Cache
TaxonoPy caches intermediate results (like parsed inputs and grouped entries) to speed up repeated runs on the same dataset.
Location
By default, the cache lives under:
~/.cache/taxonopy
You can override this with:
TAXONOPY_CACHE_DIRenvironment variable, or--cache-dirCLI flag.
Namespaces and Reproducibility
Each resolve run uses a cache namespace derived from:
- the command name,
- the TaxonoPy version, and
- a fingerprint of the input files.
The namespace determines the subdirectory under the base cache dir:
{base}/{command}_v{version}_{fingerprint}/
where {fingerprint} is a 16-hex-character hash of each input file's path, size, and modification time.
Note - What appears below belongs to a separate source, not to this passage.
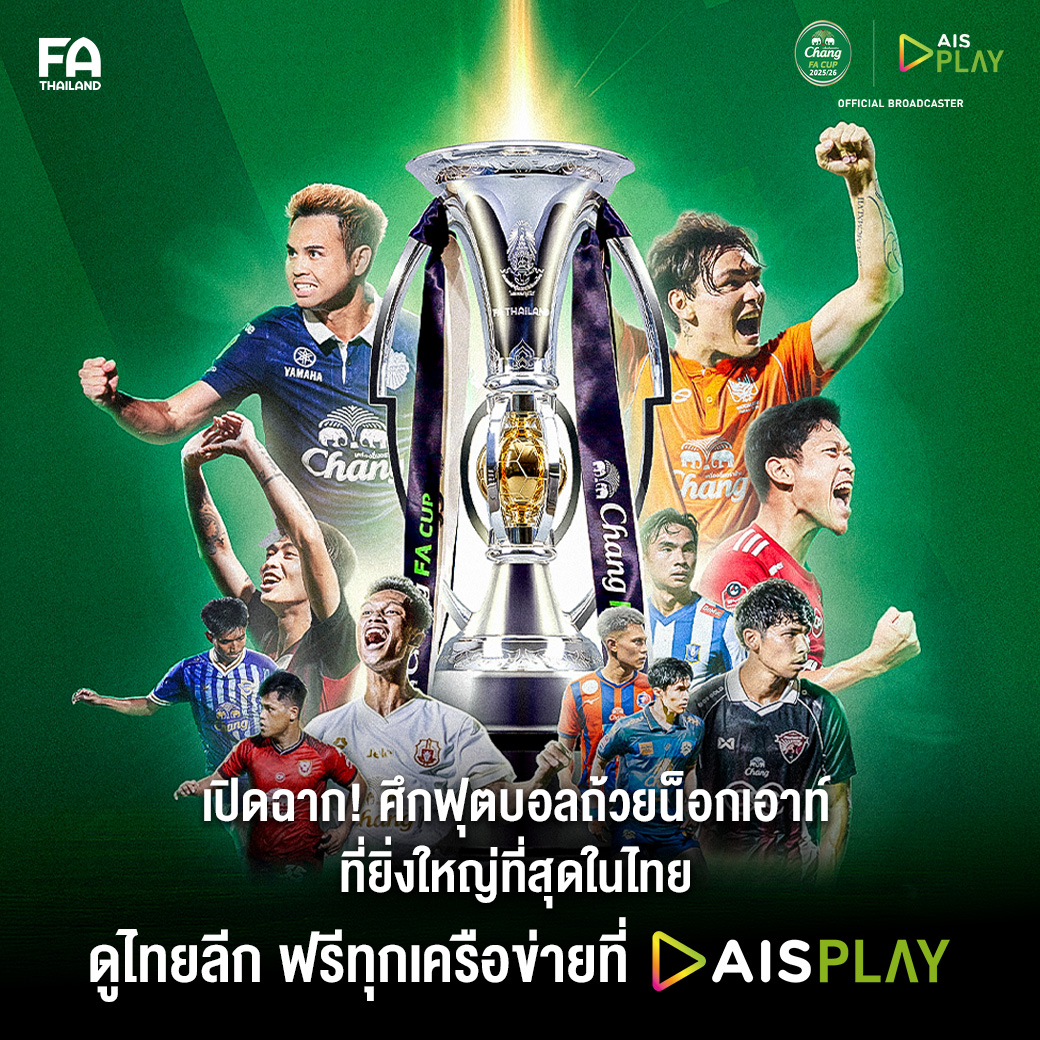 HoonSmart.com >> AIS จัดเต็มถ่ายทอดสด “ช้าง เอฟเอ คัพ 2025/26” ฟุตบอลถ้วยน็อกเอาท์ที่ยิ่งใหญ่ ที่สุดของประเทศไทย รายการที่ไม่มีเวทีให้กับผู้แพ้ รวมถึงเป็นเวทีสร้าง “แจ็คผู้ฆ่ายักษ์” โดย AIS PLAY เตรียมถ่ายทอดสดแบบจุใจ ตั้งแต่รอบคัดเลือกจนถึงรอบชิงชนะเลิศ

For example, running taxonopy resolve -i examples/input -o examples/resolved with TaxonoPy v0.2.0 would create a cache at:
~/.cache/taxonopy/resolve_v0.2.0_a3f9b2c1d4e5f678/
This keeps caches isolated across datasets and releases.
Useful CLI Flags
--show-cache-path— print the active cache directory and exit.--cache-stats— show cache statistics and exit.--clear-cache— remove cached objects.--refresh-cache(resolve only) — ignore cached parse/group results.--full-rerun(resolve only) — clear cache for the input and overwrite outputs.
If you change input files or want to force a clean run, use --refresh-cache or
--full-rerun.